=== Material shown ===

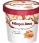
Häagen-Dazs Salted Caramel

Art.-Nr. MC5963 Inhalt 24 x 95 ml pro Stück/Karton 3.21/77.04
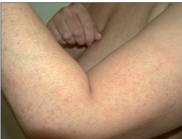
Obr. 1. Lichen amyloidosus – laterální strana levého předloktí a paže.
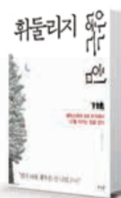
〈김무곤〉 휘둘리지 않는 힘
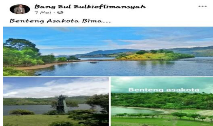
Gambar 9. Objek Wisata Benteng Asakota

Dari gambar postingan di atas kita memperoleh informasi tentang keindahan objek wisata pantai. Gambar objek wisata tersebut diposting beserta teks sebagai keterangan identitas objek wisata tersebut, yaitu “Benteng Asakota” yang berada di Bima. Dengan demikian, informasi tersebut mengandung promosi sekaligus ajakan untuk berkunjung ke sana.
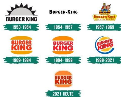
Slika 1: Logo Burger Kinga tokom godina
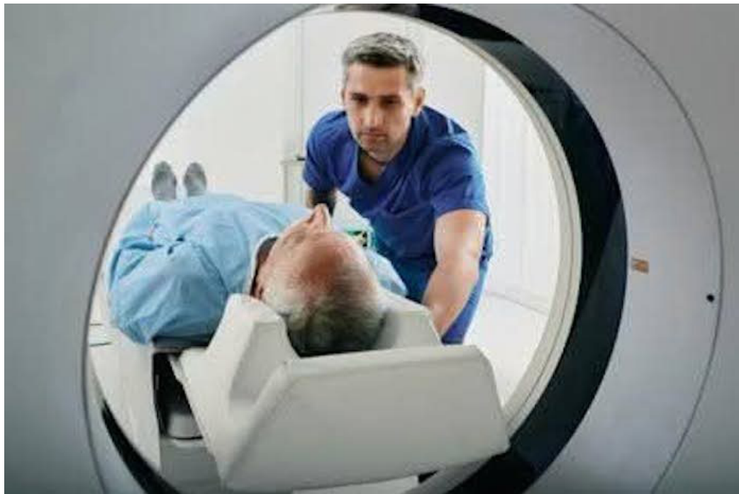
Bases Magisteriales denuncia que en las clínicas del ISBM no hay capacidad para cubrir la demanda de estudios radiológicos, rayos X, ultrasonografías, entre otros.
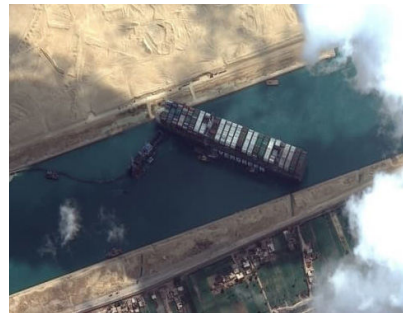
'פקק' בתעלת המים יוצר תגובה עולמית האוניה אבר גיבן תקועה לרוחב תעלת סואץ ומשפיעה בבת אחת על כל העולם כולו

שליט"א מלך המשיח בשיחתו הידועה באור לכ"ח ניסן תנש"א: "הדבר היחידי שיכולני לעשות - למסור הענין אליכם: עשו כל אשר ביכולתכם - ענינים שהם באופן דאורות דתוהו, אבל, בכלים דתיקון - להביא בפועל את משיח צדקנו ותיכף ומיד ממש!". ובהמשך אותה שיחה אומר: "ויהי רצון שימצא מכם אחד, שנים, שלשה, שיטכסו עצה מה לעשות וכיצד לעשות, ועוד והוא העיקר - שיפעלו שתהי' הגאולה האמיתית והשלימה בפועל ממש, תיכף ומיד ממש, ומתוך שמחה וטוב לבב."
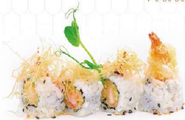
211 | URAMAKI EBITEN 8PZ gambero* in tempura, maionese, pasta kataifi, salsa teriyaki €9.00 (V) (G) (L) (D)
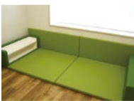
地下鉄御堂筋線・北大阪急行「千里中央」駅徒歩1分。キッズスペースも準備。

2月中旬からスギ、3月後半にはヒノキの花粉の飛散量が増えます。まずは検査をし、正しい原因を知ることから始めましょう。
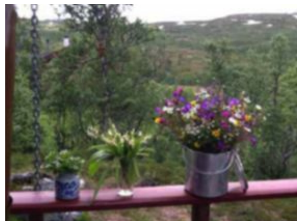
BLOMSTRENDE PÅ FJELLET: Midtsommer på Maurset.
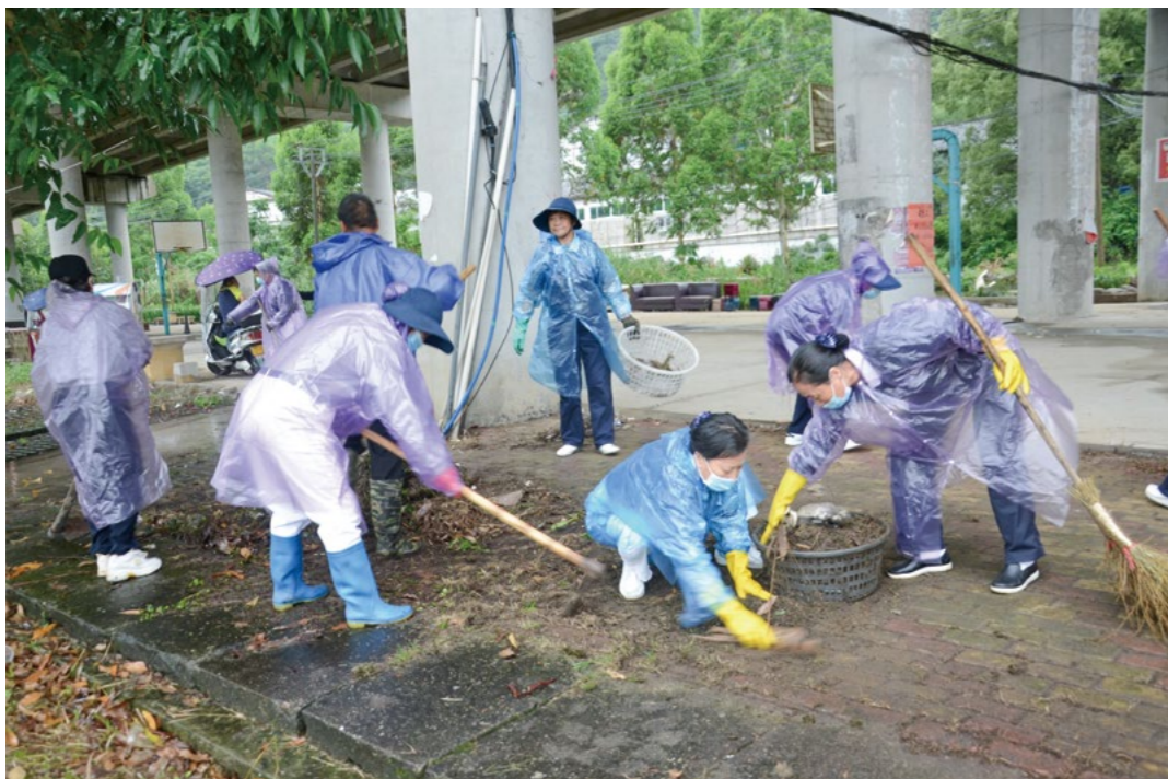
(上图) 五十位太姥山志工冒雨分组清理圣寿岭公园。工具不好用, 志工就直接用手抓, 清理出很多烂木块和塑料袋。(下图) 福州志工分享塑料袋不回收对大自然的危害, 多数店家得知志工做环保爱地球, 表示愿意响应资源回收。
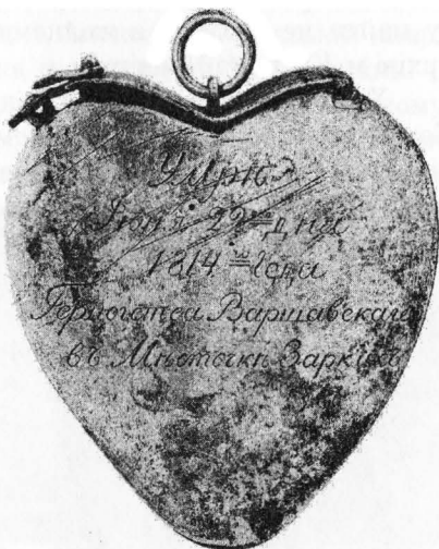
Рис. 1. Футляр у формі серця. Лицьовий бік. Рис. 2. Футляр у формі серця. Зворотний бік.
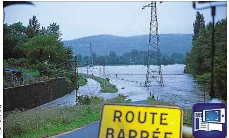
La dernière victime avait emprunté une voie barrée par les pompiers.
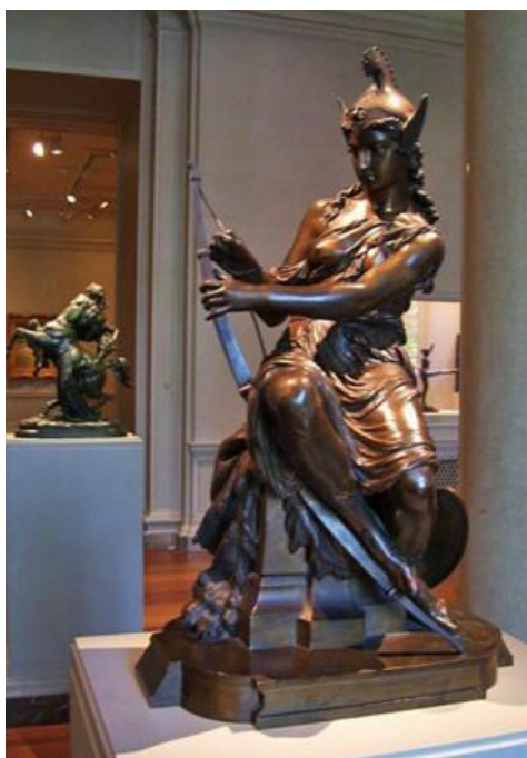
Figura 3-3 La visión de un artista de una guerrera Amazona

Y así empezaron otra guerra galáctica en un esfuerzo por expandir el Imperio.
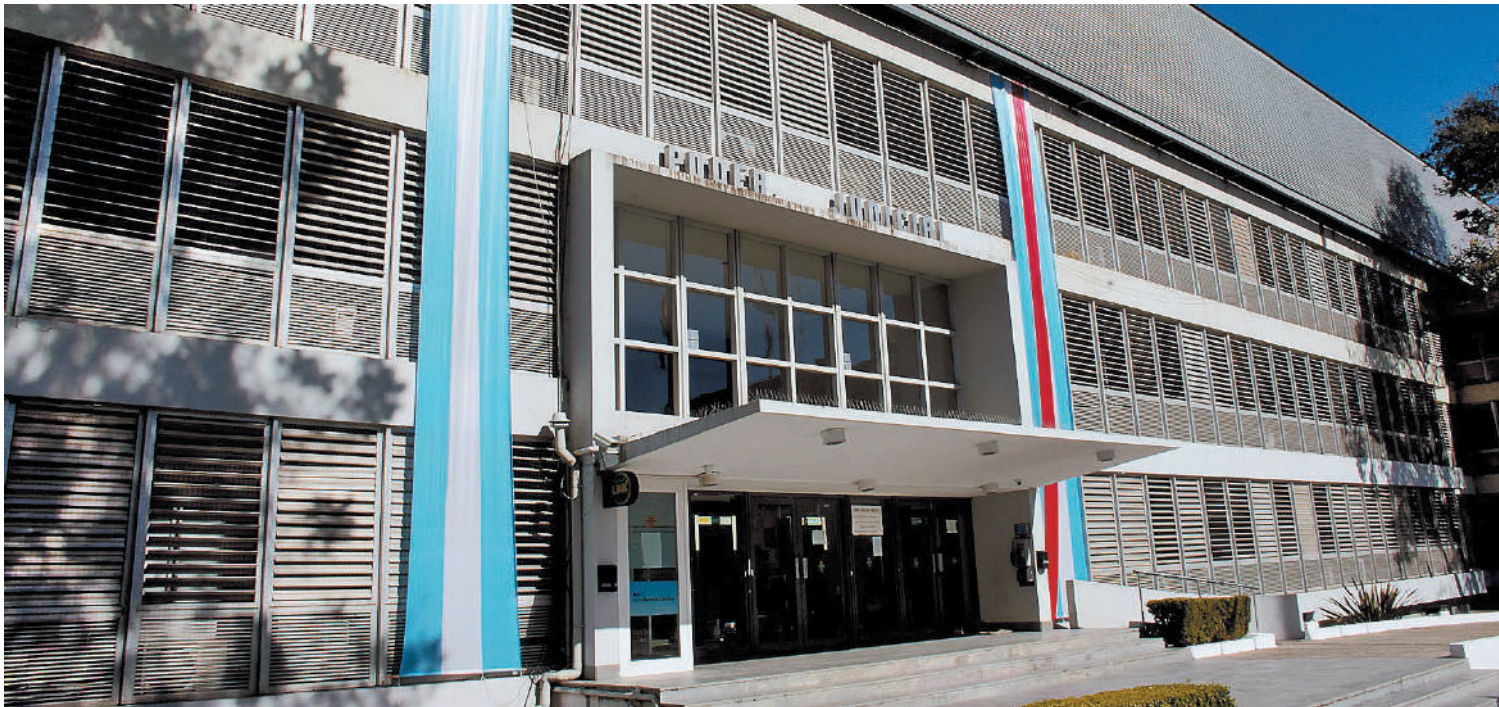
La condena fue otorgada en el Tribunal de Juicio y Apelaciones de Paraná.
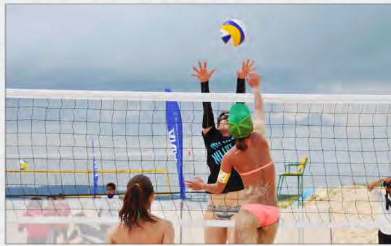
東洋一といわれるビーチで熱戦が繰り広げられた
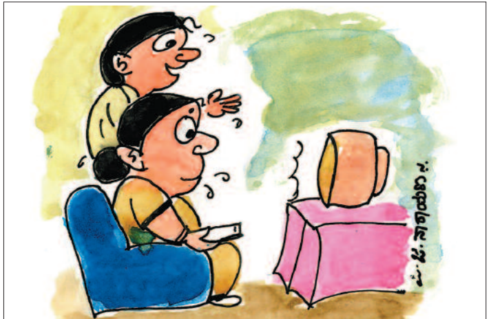
ಈ ಧಾರಾವಾಹಿನಲ್ಲಿ ಬರ್ತಾ ಇರೋದು... ಕಾಲ್ಪನಿಕ ಅಂತ ಇದೆ... ಆದರೆ ಎಲ್ಲಾ ನಮ್ಮ ಮನೆಯ ಕಥೆನೇ... ಇದೆಯಲ್ಲಾ...!
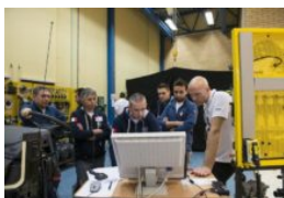
Scania Top Team: al via le selezioni

Articoli correlati Di più dello stesso autore
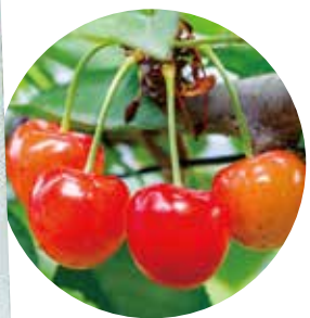
「日本一のさくらんぼの里」大粒の「紅秀峰」は寒河江生まれ

山形では来客を出前のラーメンでもてなします。お客さんが来た日は「今日はラーメン♪」とウキウキ
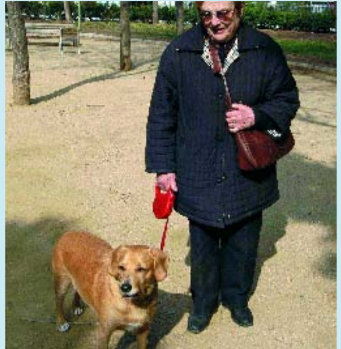
Els gossos necessiten els seus espais per no envair els de les persones.

Amb l'objectiu d'educar simultàniament els amos de mascotes i les persones que no tenen cap animal a casa, s'ha elaborat un programa d'activitats en coordinació amb el Districte. De l'abril al juny es realitzarà un taller de continguts bàsics sobre tractament de gossos i es faran un seguit de conferències als centres cívics de Can Déu i Joan Oliver. L'Associació de Mascotes de les Corts també donarà a conèixer la seva activitat en la Mostra d'Enti-
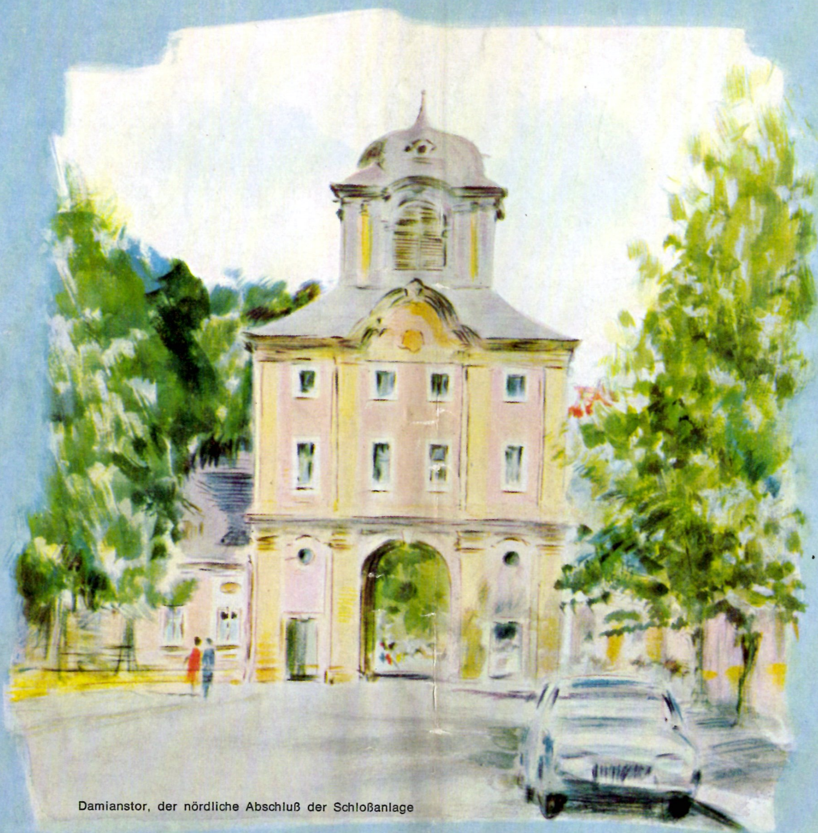
Damiansturm, der nördliche Abschluß der Schloßanlage

Herausgegeben vom Verkehrsverein Bruchsal e. V. — Geschäftsstelle im Rathaus, Telefon 2541 — in Verbindung mit dem städt. Verkehrsamt · Aquarelle und Zeichnungen: Egon Plamper, Wolfartsweiler · Fotos: Robert Häusser, Mannheim (9), Alfred Wiedemann (2) · Text: Hans Stauder · Gestaltung: Kunibert Hettmannsperger Klischees: W. Riegger, Karlsruhe · Herstellung: Stork Druck Bruchsal · Printed in Germany · Imprimé en Allemagne · Schutzgebühr: DM —,20 · 4. 67 30
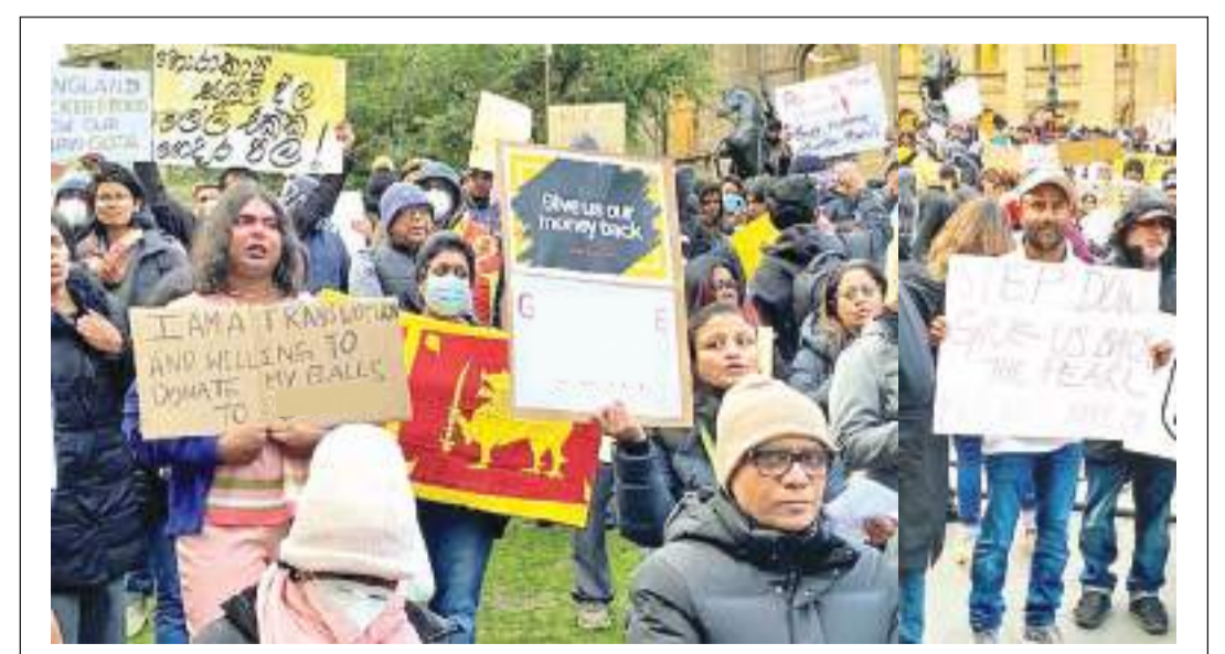
அவுஸ்திரேலியாவிலுள்ள இலங்கை சொலிடாரிட்டி அமைப்பினர் அண்மையில் (09) நாட்டின் பொருளாதார நெருக்கடிக்கு தீர்வு கோரியும், உறுதியான அரசியல் ஸ்திரீத்தை ஏற்படுத்துமாறும் ஆர்ப்பாட்டத்தில் ஈடுபட்டனர். அவுஸ்திரேலியாவின் ஸ்டேட் நூலை முன்னிலில் முன்னெடுக்கப்பட்ட இந்த ஆர்ப்பாட்டத்தில் கலந்துகொண்டோரில் ஒரு பகுதியினரை படத்தில் காணலாம்.
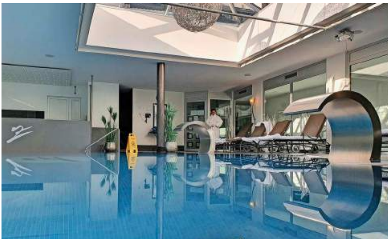
Tausend Quadratmeter grosser Wellnessbereich mit Schwimmbad: Das Hotel & Spa Pirmin Zurbriggen in Saas Almagell VS.
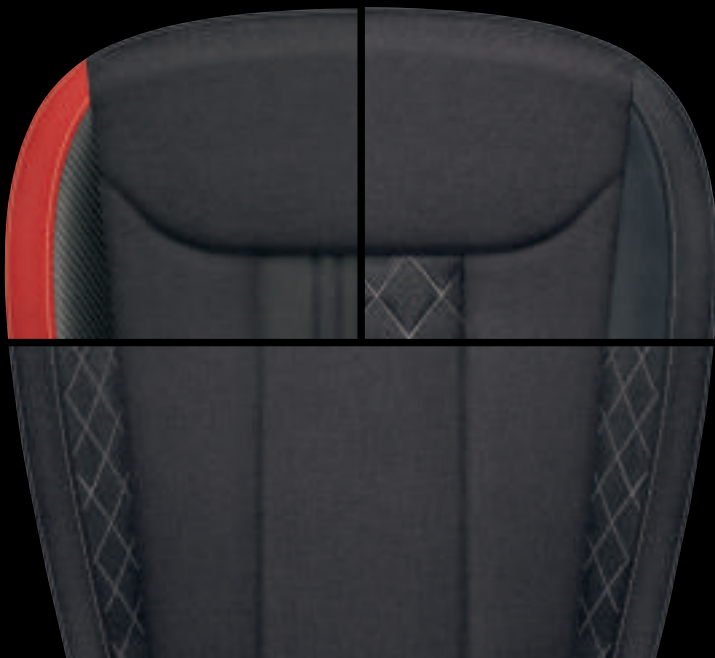
Sport (tessuto / Tecnofibra ArtVelours)

=== Your assignment ===
Print exactly the lines above that run from the one with "Amb l'objectiu d'educar" down to the one with "Damiansturm, der nördliche", and omit the pictures.

=== Answer for the task ===
Amb l'objectiu d'educar simultàniament els amos de mascotes i les persones que no tenen cap animal a casa, s'ha elaborat un programa d'activitats en coordinació amb el Districte. De l'abril al juny es realitzarà un taller de continguts bàsics sobre tractament de gossos i es faran un seguit de conferències als centres cívics de Can Déu i Joan Oliver. L'Associació de Mascotes de les Corts també donarà a conèixer la seva activitat en la Mostra d'Enti-
Damiansturm, der nördliche Abschluß der Schloßanlage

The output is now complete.